Support Questions
Find answers, ask questions, and share your expertise

Hadoop Security for beginners

Hadoop Security for beginners


We can secure the data in Hadoop using different methods. Each method has its own advantages. We can also combine more than one method for better result


Security Method
Unique Advantage & Limitation
1KerberosKerberos is a network authentication protocol

Advantage: Authenticate users at the entry level.

Limitation: Kerberos prevents unauthorized user access to the environment. But after login, it will not provide detailed level authentications like table, column, folder, file level, etc

2Aapache Sentry

Apache Sentry is a system for enforcing fine grained role based authorization

to data and metadata stored on a Hadoop cluster

Advantage: Application level authentications like Hive, Impala, Solr, etc. It can control access on DB, table, column level for a particular user/group.

Limitation 1: It cannot control the HDFS folders which are underlined behind applications like Hive, Impala, etc.

Ex: Hive table prod.table1 stored in /user/hive/warehouse/prod.db/table1. The sentry role setup in Hue can control only table/column access in Hue but It is possible that user can manage to access folders directly in HDFS

Limitation 2: HDFS folders which are not related to Hive, Impala, etc will not be controlled

3Access Control List (ACL)

An access control list (ACL) is a list of access control entries (ACE).

Each ACE in an ACL identifies a trustee and specifies the access rights allowed, denied, or audited for that trustee

Advantage: Folder level access is possible by users using $hadoop fs -setfacl


4HDFS Data At Rest Encryption (EDEK)

HDFS Encryption implements transparent, end-to-end encryption of data read from and written to HDFS


Advantage: Encrypt the data will provide additional level security.
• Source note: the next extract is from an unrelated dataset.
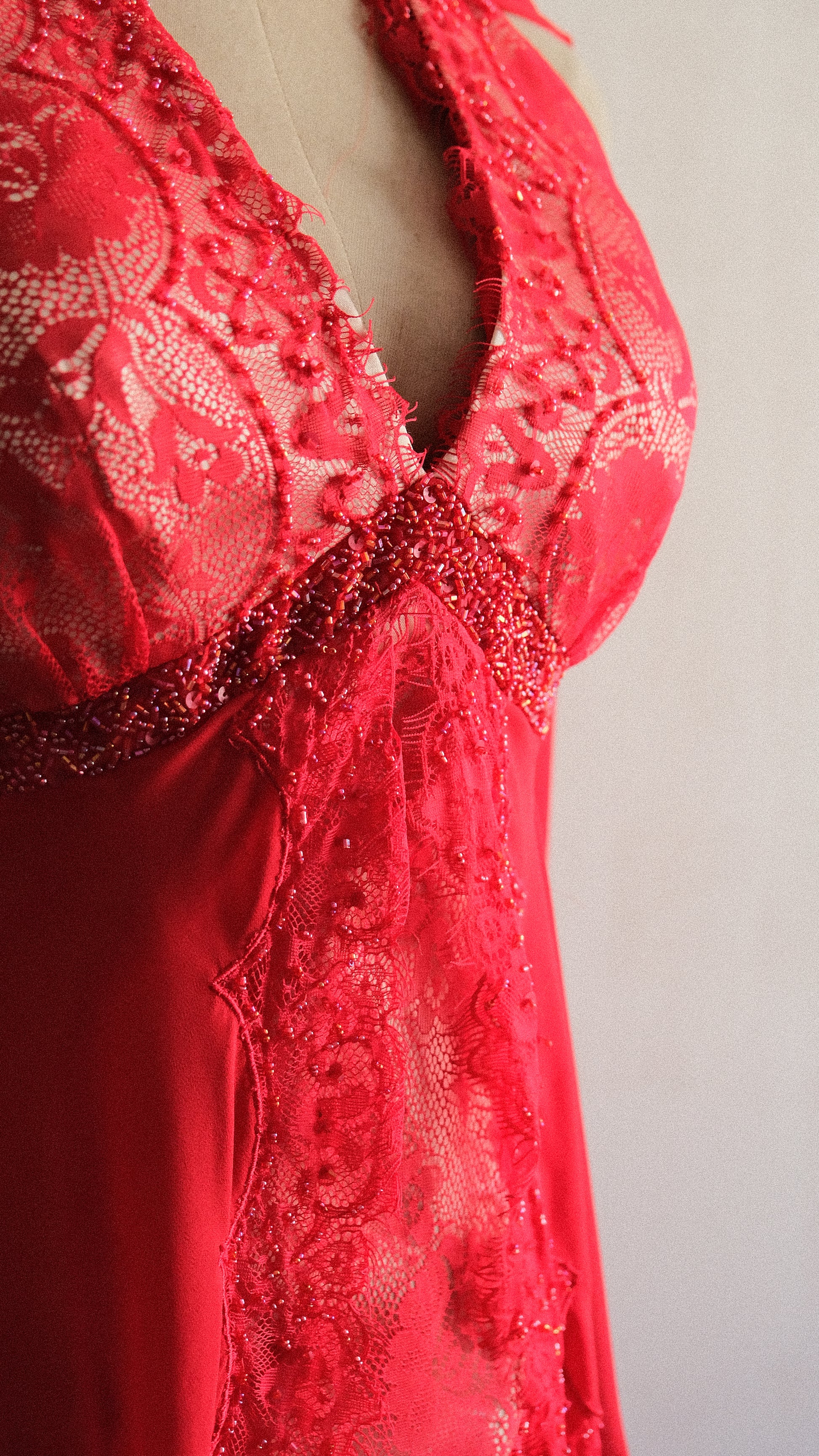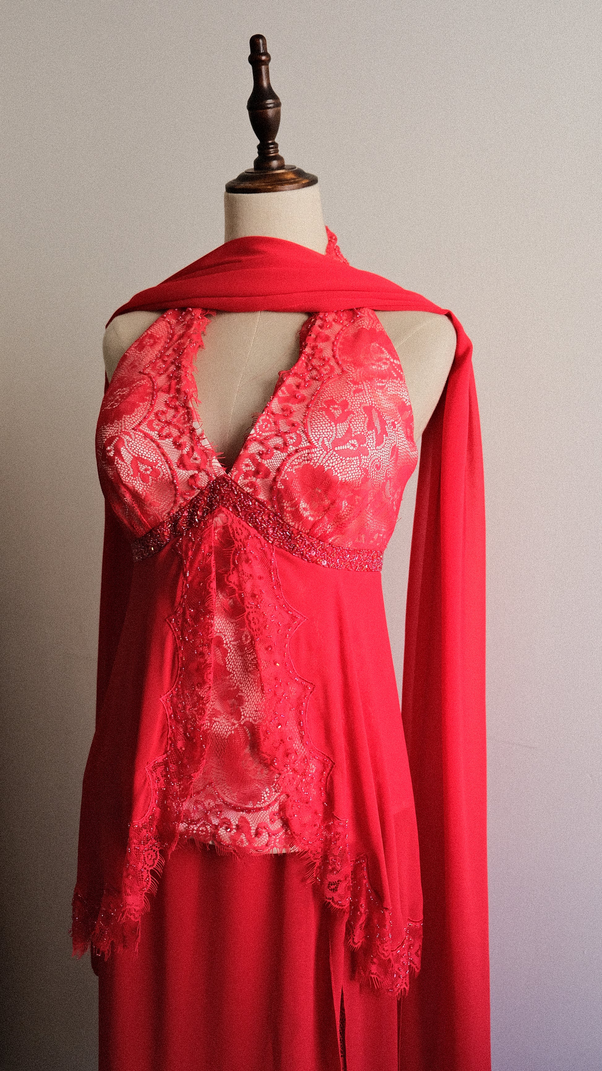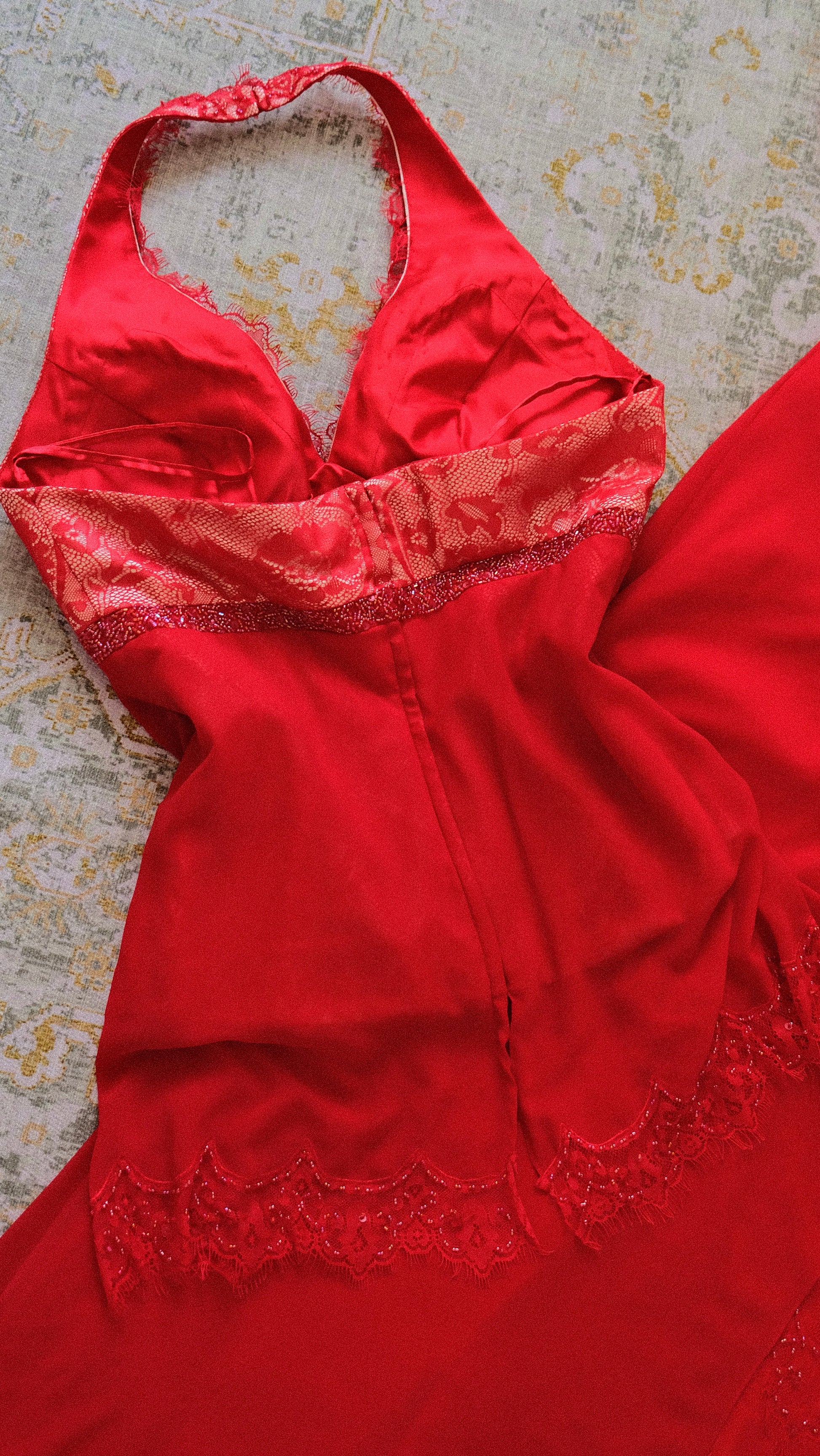 A vintage 3 piece set in a vibrant red color combined with embellished and lace detailing. On pics will be coming soon.

In General, Data encryption is required by a number of different government, financial, and regulatory entities

Ex: Unauthorized data access will return result in encrypted format

hadoop fs -cat /data/File.txt





Re: Hadoop Security for beginners

Rising Star

This is a well written blog. I had a few points to add to it:

  • HDFS Data At Rest Encryption (EDEK) 
    • One is also able to protect the data from someone who walks away with the disk.
  • HDFS wire Encryption
    • Setting up wire encryption will prevent network traffic snoopers from accessing the data when it is in motion. 
    • Wire encryption along with Encryption at rest will cause end to end protection of data.

Re: Hadoop Security for beginners


@surajacharya : Thanks much to add additional points!!


Re: Hadoop Security for beginners


Kumar, pretty good informative points.


One question regarding ACL: if sentry is enabled do we need to disable ACL, in other words if sentry is enabled on the hive then ACL is required or not required. I did read some info on cloudera knowledge base under enabling sentry inforation: cloudera recommending not to enable ACL when sentry is enabled.





Re: Hadoop Security for beginners




Any security mechanism for fine graned access for Spark SQL queries? How I can restrict the users to access only certain columns? I know there is a RecordService in Beta. Any other solutions that folks have used? 



Nagaraj C


Re: Hadoop Security for beginners




Apache Sentry will help you to restrict the user access on db/table/column for hive/impala/solr/etc.

You can set this acces for a group/user using role.

So access to those db/table/column via spark code will also be authorized by sentry


Re: Hadoop Security for beginners




After access granted on a particular db/table via sentry for a user/group, I have login as a different user in HDFS and tried to acces the restricted db/table, but the different users couldn't access the restricted db/table. So my personal opinion is, it is not required to apply ACL on top of already restricted db/table. so we can go with cloudera recommendation.

But consider the use case that you have an important file/folder in HDFS (not a table) that you want to restrict from other users. So you can use ACL in this use case.